[Entries taken from a collection]
Segment Open

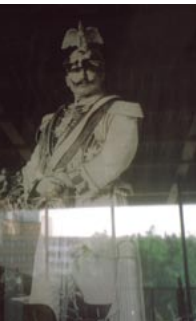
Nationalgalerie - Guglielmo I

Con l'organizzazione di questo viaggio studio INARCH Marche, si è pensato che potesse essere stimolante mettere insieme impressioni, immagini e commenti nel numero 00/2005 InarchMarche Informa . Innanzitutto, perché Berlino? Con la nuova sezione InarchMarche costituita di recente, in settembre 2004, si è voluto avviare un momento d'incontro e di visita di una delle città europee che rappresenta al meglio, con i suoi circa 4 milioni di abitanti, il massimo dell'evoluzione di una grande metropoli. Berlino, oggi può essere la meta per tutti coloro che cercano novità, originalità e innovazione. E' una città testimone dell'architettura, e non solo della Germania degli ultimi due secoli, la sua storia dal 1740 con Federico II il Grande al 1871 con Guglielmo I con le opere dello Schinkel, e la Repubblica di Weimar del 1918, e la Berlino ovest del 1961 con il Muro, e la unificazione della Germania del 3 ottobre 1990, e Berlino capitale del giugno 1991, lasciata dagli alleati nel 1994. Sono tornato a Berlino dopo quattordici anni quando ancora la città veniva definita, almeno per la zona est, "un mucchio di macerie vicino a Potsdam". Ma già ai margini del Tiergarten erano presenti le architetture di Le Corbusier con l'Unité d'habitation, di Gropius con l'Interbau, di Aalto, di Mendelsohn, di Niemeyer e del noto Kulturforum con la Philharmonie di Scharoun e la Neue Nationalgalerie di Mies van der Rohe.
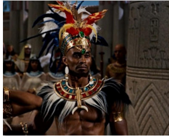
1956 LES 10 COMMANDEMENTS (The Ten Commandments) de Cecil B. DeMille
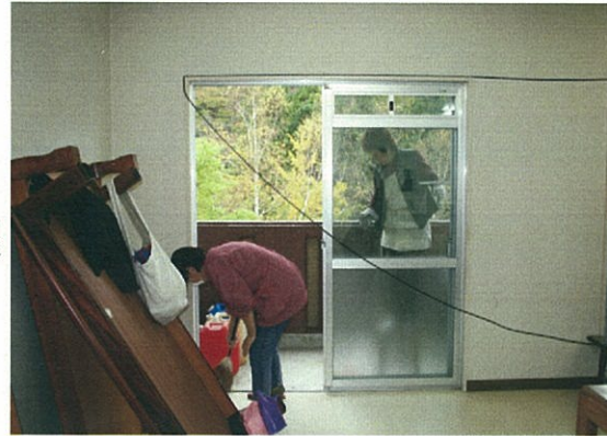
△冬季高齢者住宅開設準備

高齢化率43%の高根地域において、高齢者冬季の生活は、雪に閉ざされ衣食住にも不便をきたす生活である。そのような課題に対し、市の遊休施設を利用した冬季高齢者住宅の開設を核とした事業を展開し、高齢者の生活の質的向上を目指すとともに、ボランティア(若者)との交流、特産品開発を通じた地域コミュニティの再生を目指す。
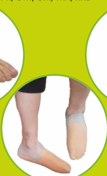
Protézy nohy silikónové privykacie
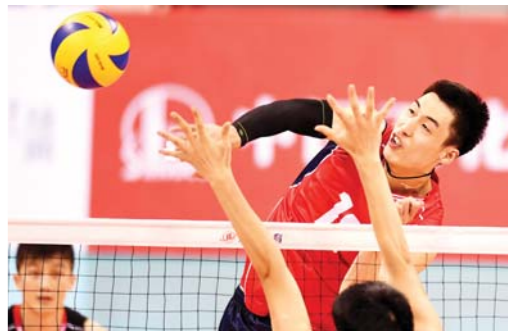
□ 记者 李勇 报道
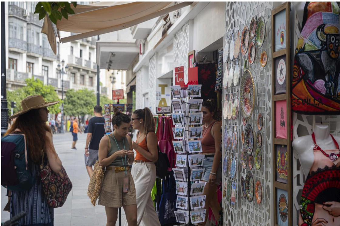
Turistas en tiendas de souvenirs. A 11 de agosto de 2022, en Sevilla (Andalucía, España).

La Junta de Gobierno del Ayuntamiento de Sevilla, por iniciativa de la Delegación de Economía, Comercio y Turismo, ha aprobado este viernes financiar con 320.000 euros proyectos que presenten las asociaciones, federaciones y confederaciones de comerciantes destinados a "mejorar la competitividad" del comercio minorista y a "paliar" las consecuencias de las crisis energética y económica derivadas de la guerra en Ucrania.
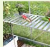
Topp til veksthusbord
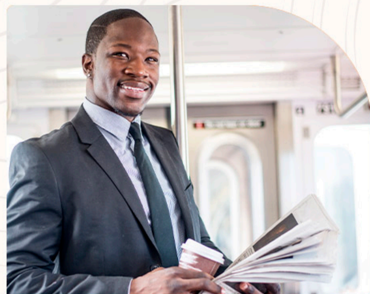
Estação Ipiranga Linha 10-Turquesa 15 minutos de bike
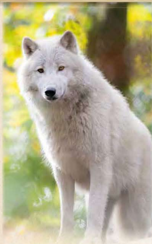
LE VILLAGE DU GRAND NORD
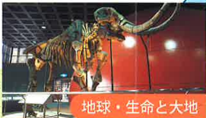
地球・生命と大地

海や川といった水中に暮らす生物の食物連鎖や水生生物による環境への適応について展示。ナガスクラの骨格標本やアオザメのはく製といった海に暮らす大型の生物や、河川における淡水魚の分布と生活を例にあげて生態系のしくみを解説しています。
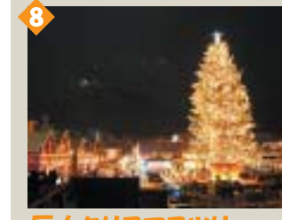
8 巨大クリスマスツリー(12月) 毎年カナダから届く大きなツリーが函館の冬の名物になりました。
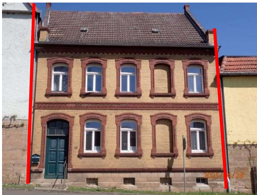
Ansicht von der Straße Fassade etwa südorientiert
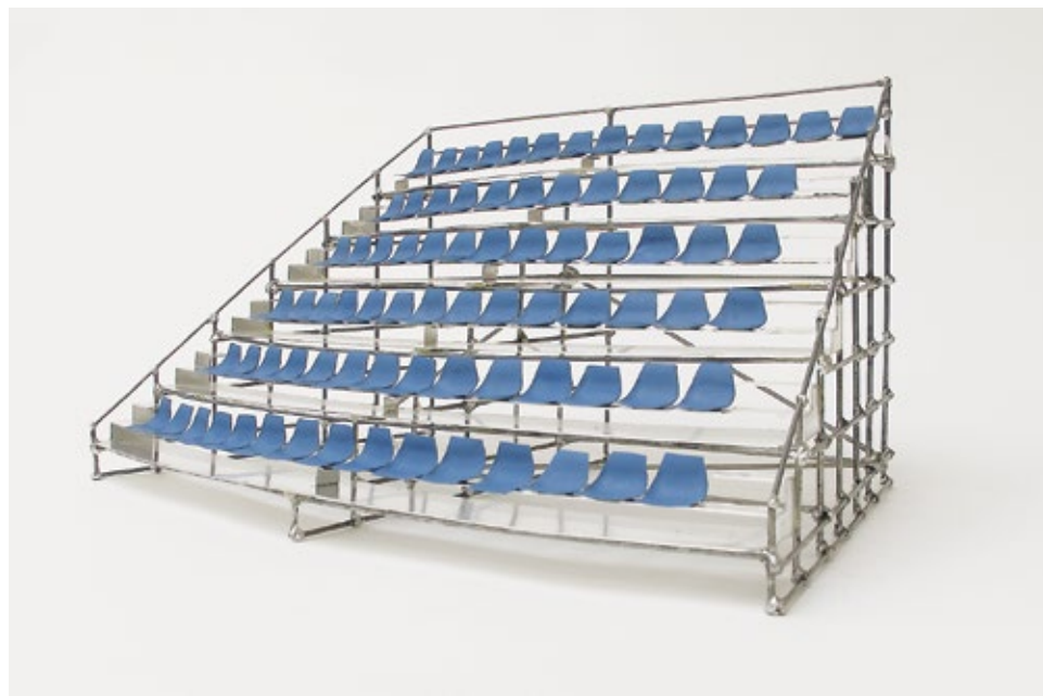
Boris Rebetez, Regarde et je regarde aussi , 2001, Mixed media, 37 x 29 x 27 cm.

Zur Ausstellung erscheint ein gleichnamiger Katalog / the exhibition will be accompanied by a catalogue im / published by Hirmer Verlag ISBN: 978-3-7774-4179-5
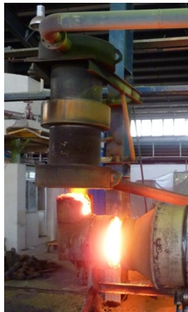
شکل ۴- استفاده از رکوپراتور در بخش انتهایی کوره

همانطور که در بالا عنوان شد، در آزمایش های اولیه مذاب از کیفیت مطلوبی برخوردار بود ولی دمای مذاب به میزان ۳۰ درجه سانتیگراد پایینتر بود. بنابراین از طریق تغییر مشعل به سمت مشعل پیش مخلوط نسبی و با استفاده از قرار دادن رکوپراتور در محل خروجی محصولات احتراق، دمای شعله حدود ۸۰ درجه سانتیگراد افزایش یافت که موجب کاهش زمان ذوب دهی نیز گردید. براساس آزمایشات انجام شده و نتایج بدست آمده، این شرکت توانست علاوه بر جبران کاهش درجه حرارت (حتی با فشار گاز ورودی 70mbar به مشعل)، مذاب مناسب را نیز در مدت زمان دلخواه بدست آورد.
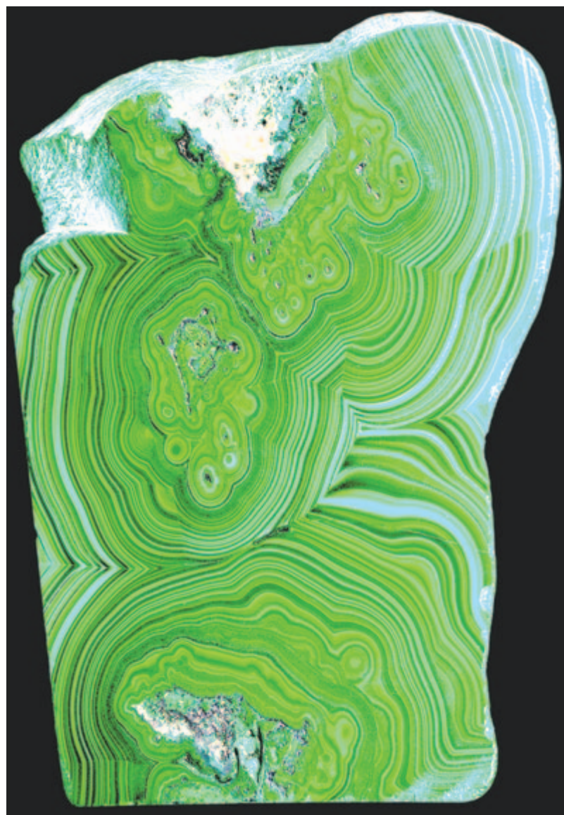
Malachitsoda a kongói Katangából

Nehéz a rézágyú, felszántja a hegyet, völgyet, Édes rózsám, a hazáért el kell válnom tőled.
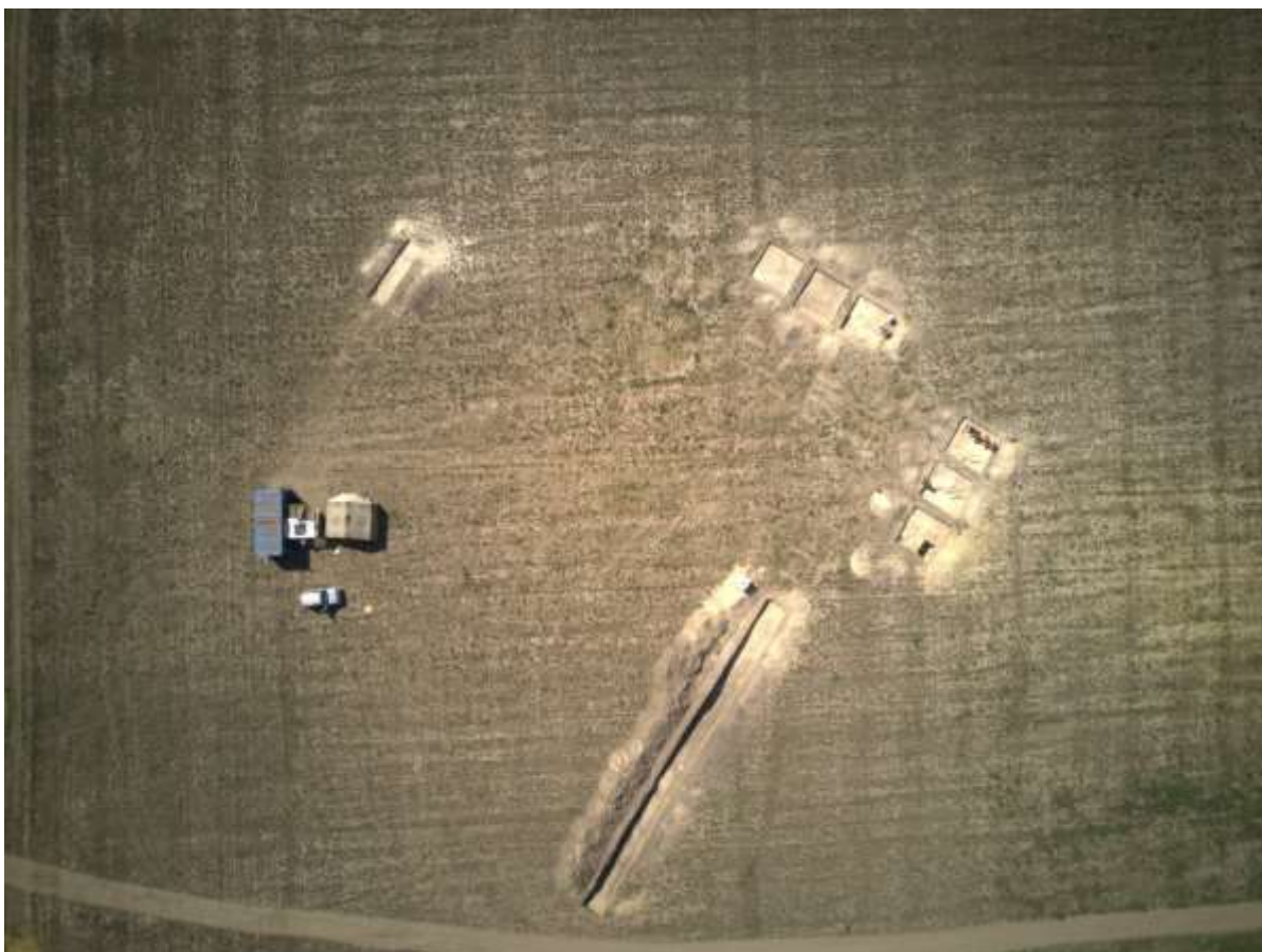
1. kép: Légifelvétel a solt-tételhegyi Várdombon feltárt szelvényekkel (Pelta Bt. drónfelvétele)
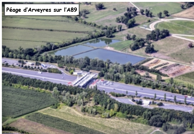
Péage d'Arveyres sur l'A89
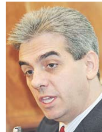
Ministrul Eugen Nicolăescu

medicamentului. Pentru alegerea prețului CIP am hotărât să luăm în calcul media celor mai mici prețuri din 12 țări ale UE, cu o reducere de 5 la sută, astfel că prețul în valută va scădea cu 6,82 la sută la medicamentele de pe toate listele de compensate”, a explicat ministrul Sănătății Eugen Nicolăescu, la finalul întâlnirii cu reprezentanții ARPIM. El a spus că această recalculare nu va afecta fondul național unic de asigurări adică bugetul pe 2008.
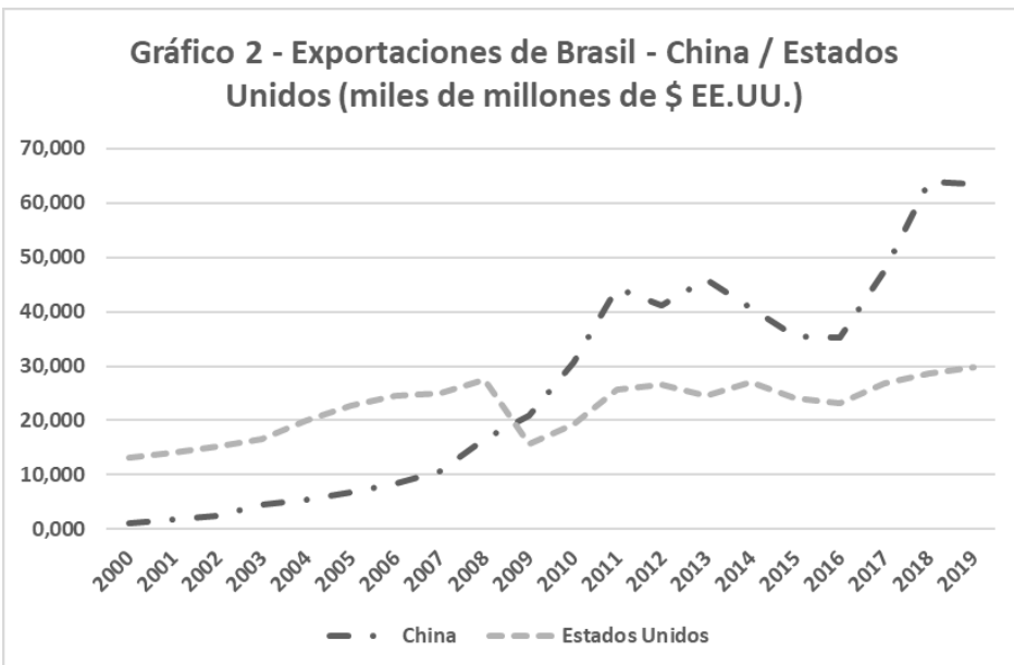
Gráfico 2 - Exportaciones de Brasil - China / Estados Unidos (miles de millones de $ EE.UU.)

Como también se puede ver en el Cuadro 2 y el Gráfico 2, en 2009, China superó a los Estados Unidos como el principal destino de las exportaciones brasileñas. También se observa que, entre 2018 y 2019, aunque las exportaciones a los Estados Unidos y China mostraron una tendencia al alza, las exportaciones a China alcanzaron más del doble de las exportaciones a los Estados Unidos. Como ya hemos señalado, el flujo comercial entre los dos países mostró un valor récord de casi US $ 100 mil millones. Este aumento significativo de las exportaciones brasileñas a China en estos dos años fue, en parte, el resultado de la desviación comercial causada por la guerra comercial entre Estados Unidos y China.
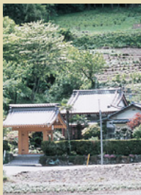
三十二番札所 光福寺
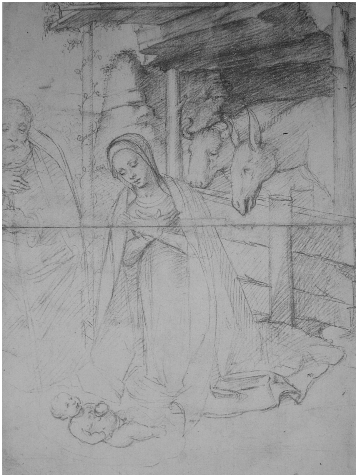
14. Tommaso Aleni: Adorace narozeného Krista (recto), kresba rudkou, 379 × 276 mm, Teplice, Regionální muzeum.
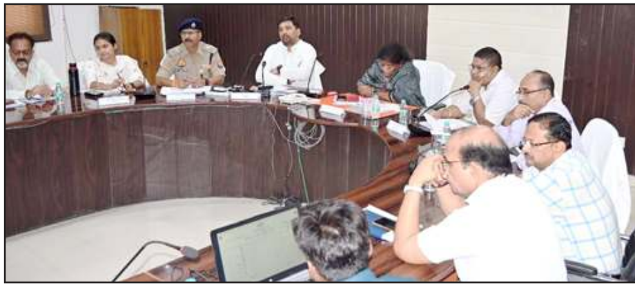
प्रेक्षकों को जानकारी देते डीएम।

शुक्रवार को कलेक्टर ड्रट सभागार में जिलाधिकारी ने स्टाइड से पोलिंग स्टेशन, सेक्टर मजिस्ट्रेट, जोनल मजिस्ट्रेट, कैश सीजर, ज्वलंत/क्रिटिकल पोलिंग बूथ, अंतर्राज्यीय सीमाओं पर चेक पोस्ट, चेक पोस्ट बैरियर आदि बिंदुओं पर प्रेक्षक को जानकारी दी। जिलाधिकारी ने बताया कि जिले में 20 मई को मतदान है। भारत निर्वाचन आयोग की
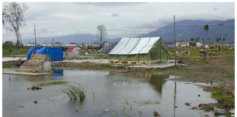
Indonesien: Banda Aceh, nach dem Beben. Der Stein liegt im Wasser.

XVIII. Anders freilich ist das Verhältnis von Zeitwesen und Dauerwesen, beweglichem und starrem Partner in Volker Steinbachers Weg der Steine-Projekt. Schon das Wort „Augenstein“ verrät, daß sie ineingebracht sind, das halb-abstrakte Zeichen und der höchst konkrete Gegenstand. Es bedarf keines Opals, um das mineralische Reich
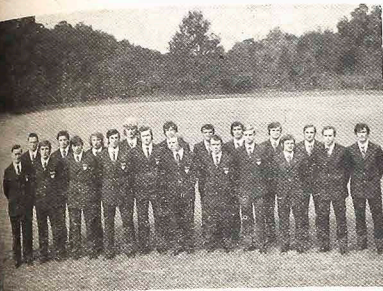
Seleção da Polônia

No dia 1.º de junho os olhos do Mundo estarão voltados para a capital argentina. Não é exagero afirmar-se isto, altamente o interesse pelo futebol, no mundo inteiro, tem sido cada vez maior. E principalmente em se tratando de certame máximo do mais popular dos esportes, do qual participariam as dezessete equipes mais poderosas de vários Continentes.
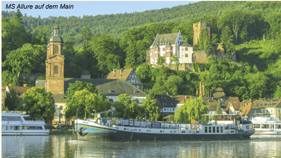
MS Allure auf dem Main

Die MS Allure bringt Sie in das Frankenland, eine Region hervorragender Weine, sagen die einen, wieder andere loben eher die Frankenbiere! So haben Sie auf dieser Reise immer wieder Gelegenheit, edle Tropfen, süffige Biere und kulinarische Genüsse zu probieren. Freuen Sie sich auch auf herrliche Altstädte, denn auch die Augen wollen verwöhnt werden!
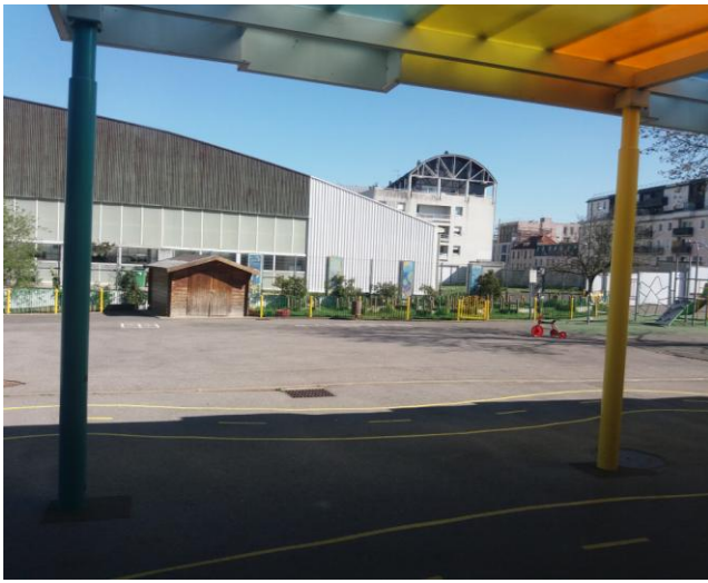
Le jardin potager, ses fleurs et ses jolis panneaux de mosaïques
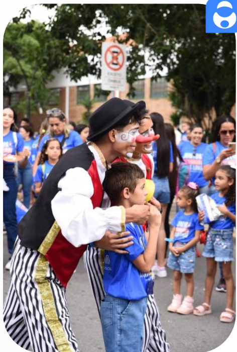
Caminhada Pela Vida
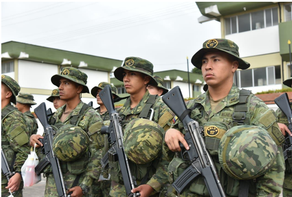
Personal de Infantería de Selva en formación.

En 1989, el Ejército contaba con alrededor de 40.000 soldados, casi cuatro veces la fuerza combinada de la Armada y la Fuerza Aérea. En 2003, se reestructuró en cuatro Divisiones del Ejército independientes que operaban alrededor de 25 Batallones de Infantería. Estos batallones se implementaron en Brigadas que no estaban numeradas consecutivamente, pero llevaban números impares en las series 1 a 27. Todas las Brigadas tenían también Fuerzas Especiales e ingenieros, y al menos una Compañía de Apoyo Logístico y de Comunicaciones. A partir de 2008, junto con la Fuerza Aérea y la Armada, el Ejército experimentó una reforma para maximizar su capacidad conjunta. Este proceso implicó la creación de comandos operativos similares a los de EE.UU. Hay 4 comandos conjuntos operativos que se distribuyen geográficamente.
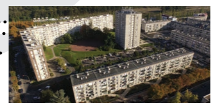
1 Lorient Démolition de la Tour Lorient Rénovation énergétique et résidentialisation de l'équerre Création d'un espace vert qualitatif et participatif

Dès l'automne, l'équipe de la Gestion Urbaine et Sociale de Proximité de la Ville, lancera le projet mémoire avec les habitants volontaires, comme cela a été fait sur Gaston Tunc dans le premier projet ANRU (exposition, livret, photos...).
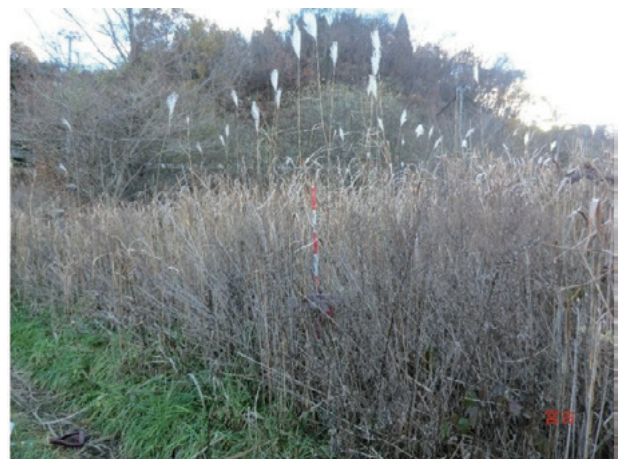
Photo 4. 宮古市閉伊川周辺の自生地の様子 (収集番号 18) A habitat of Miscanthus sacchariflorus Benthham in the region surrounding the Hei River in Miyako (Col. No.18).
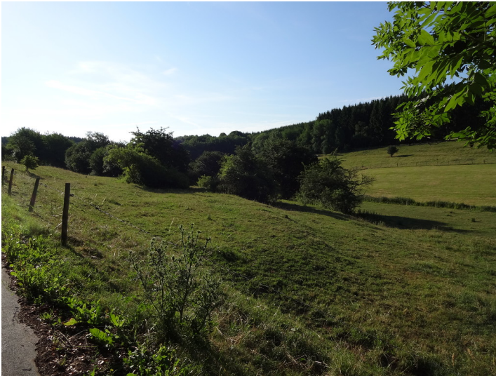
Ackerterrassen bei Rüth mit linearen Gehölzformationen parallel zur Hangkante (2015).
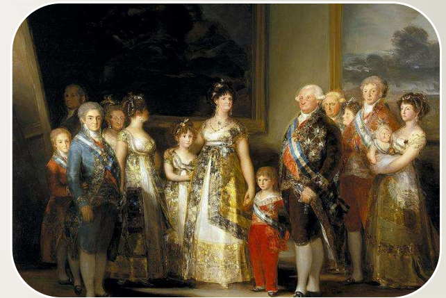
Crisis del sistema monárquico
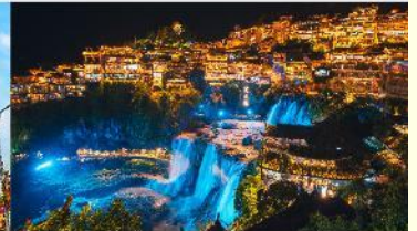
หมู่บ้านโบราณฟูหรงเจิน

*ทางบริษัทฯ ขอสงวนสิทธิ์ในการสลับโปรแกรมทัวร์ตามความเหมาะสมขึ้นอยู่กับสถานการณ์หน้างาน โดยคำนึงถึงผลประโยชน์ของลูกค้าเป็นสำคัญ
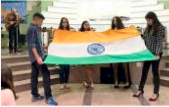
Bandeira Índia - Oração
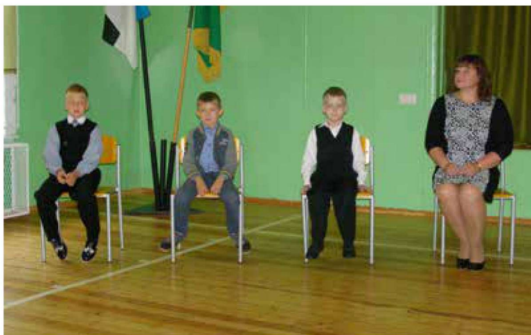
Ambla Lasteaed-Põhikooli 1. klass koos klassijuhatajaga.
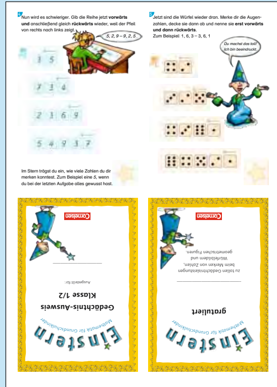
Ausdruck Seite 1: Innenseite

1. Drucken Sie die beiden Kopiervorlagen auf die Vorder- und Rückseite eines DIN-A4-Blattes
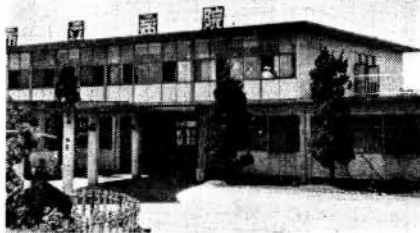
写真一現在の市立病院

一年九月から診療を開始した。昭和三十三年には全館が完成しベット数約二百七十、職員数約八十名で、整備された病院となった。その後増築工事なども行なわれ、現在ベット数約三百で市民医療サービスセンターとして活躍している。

Segment Closed

Aim of the task |
Where a line of the data holds "Eugen", show that line.

Response |
Ministrul Eugen Nicolăescu
medicamentului. Pentru alegerea prețului CIP am hotărât să luăm în calcul media celor mai mici prețuri din 12 țări ale UE, cu o reducere de 5 la sută, astfel că prețul în valută va scădea cu 6,82 la sută la medicamentele de pe toate listele de compensate”, a explicat ministrul Sănătății Eugen Nicolăescu, la finalul întâlnirii cu reprezentanții ARPIM. El a spus că această recalculare nu va afecta fondul național unic de asigurări adică bugetul pe 2008.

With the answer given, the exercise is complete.